MATERIAL PROVIDED:
——

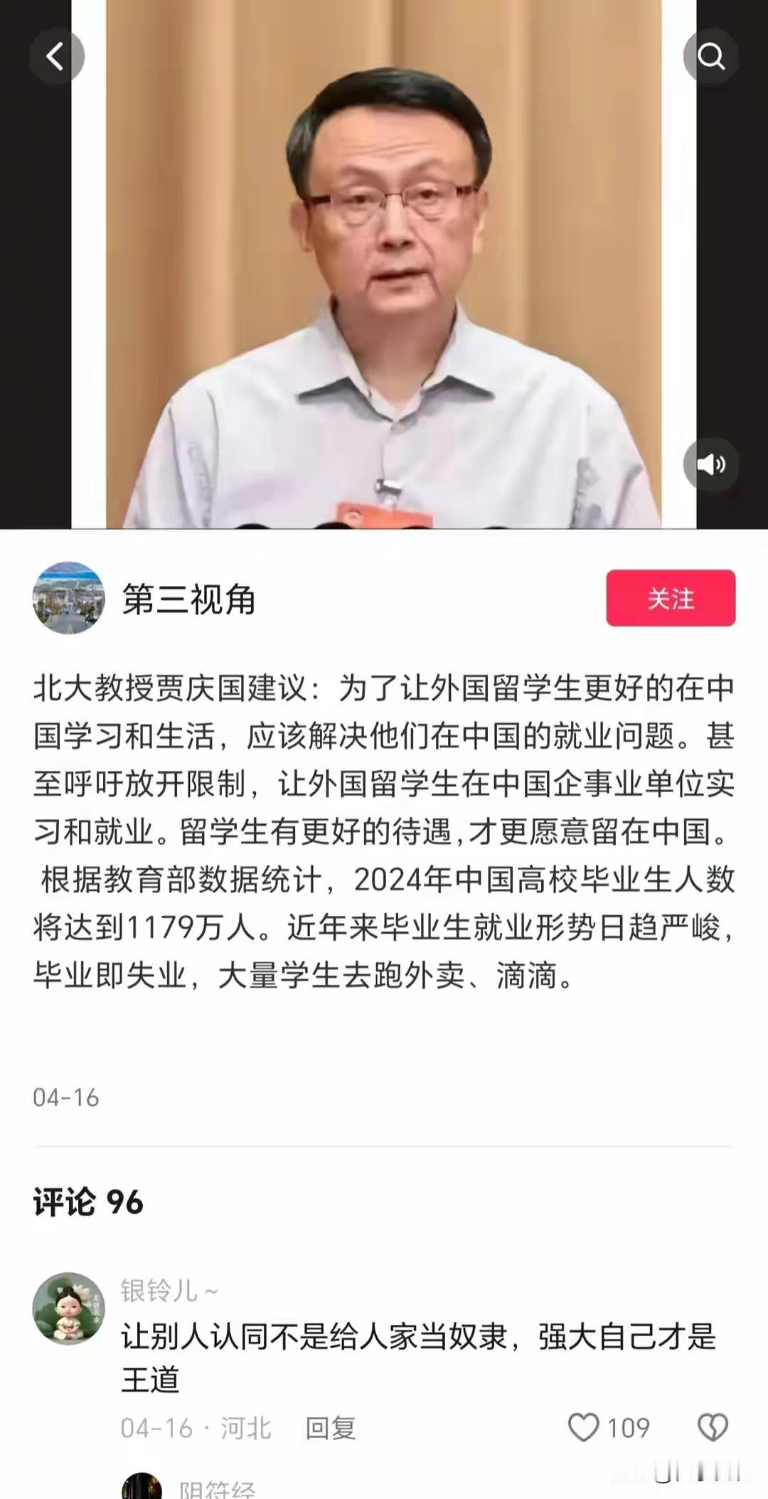 关于最近大家关心的 ,沈逸 老师旗帜鲜明的站了出来,希望沈逸老师不会被禁言,后续也不会删帖。 总之,我还是明确支持 ,结合之前北大贾庆国教授 呼吁支持外国留学生解决工作问题的提议,这样就可以为外国留学生在华就业打造完美闭环了,同时因为国内女拳早已经把中国男性的社会地位打压到尘埃地位,“女性媚外”与“洋人就业”两个重要环节终于实现历史性联动,如此一来经济和人口复苏岂不指日可待。 虽然国内大学生从入学那天起,无论住宿条件、学费补贴、教育资源、异性陪读资源、毕业条件等等,都无法与洋留学生相提并论,但是,只要毕业后好好能做好外卖小哥的角色,给“洋留学生”和女拳组成的家庭好好服务到位,肯定是一件非常有前景的工作! 所以,你们都是杞人忧天,无病呻吟,纯粹是想多了。我再次强烈支持
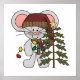 Eine entzückende Weihnachtsmaus in einer roten Strumpfkappe setzt die Schnur der Weihnachtslichter auf den Feiertagsbaum auf Mäusethema-Feiertag T-Shirts, Becher, Karten, Aufkleber, Taschentaschen, Magneten, keychains, Andenkenverzierungen und -kästen, Wanduhren und andere Feiertagseinzelteile.
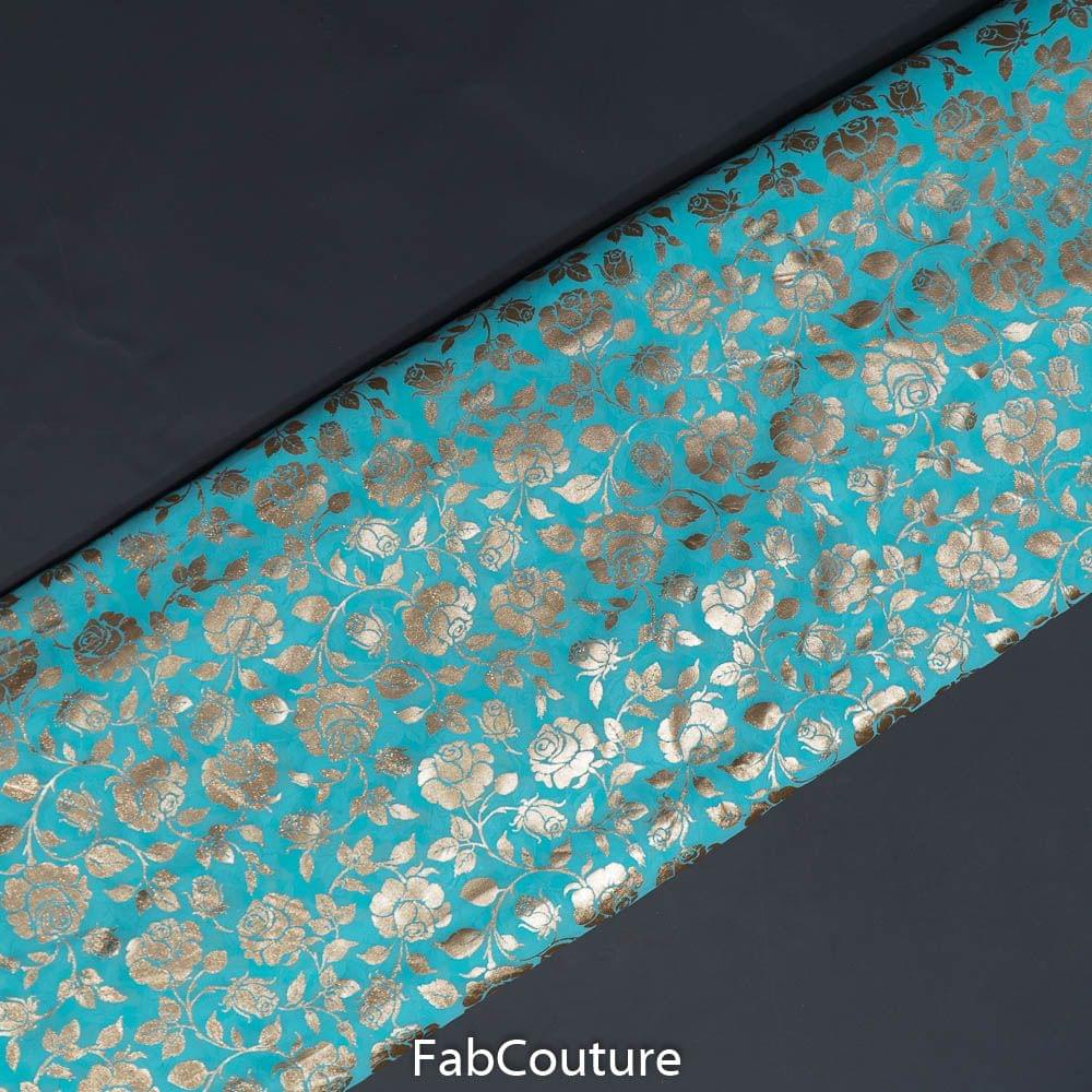 Firozi Colour Georgette Foil Floral Print , This georgette fabric is sheer, flowy and has an excellent fall which makes it best for sarees, dresses, draped silhouttes, plazzo pants, blouses and tops. The foil print is the cheery on top which makes it dressier. SKU: 10021597

——

TASK GOAL:
Without the pictures, retype the whole of the material above exactly.

SOLUTION TO THE PROBLEM:
 关于最近大家关心的 ,沈逸 老师旗帜鲜明的站了出来,希望沈逸老师不会被禁言,后续也不会删帖。 总之,我还是明确支持 ,结合之前北大贾庆国教授 呼吁支持外国留学生解决工作问题的提议,这样就可以为外国留学生在华就业打造完美闭环了,同时因为国内女拳早已经把中国男性的社会地位打压到尘埃地位,“女性媚外”与“洋人就业”两个重要环节终于实现历史性联动,如此一来经济和人口复苏岂不指日可待。 虽然国内大学生从入学那天起,无论住宿条件、学费补贴、教育资源、异性陪读资源、毕业条件等等,都无法与洋留学生相提并论,但是,只要毕业后好好能做好外卖小哥的角色,给“洋留学生”和女拳组成的家庭好好服务到位,肯定是一件非常有前景的工作! 所以,你们都是杞人忧天,无病呻吟,纯粹是想多了。我再次强烈支持
 Eine entzückende Weihnachtsmaus in einer roten Strumpfkappe setzt die Schnur der Weihnachtslichter auf den Feiertagsbaum auf Mäusethema-Feiertag T-Shirts, Becher, Karten, Aufkleber, Taschentaschen, Magneten, keychains, Andenkenverzierungen und -kästen, Wanduhren und andere Feiertagseinzelteile.
 Firozi Colour Georgette Foil Floral Print , This georgette fabric is sheer, flowy and has an excellent fall which makes it best for sarees, dresses, draped silhouttes, plazzo pants, blouses and tops. The foil print is the cheery on top which makes it dressier. SKU: 10021597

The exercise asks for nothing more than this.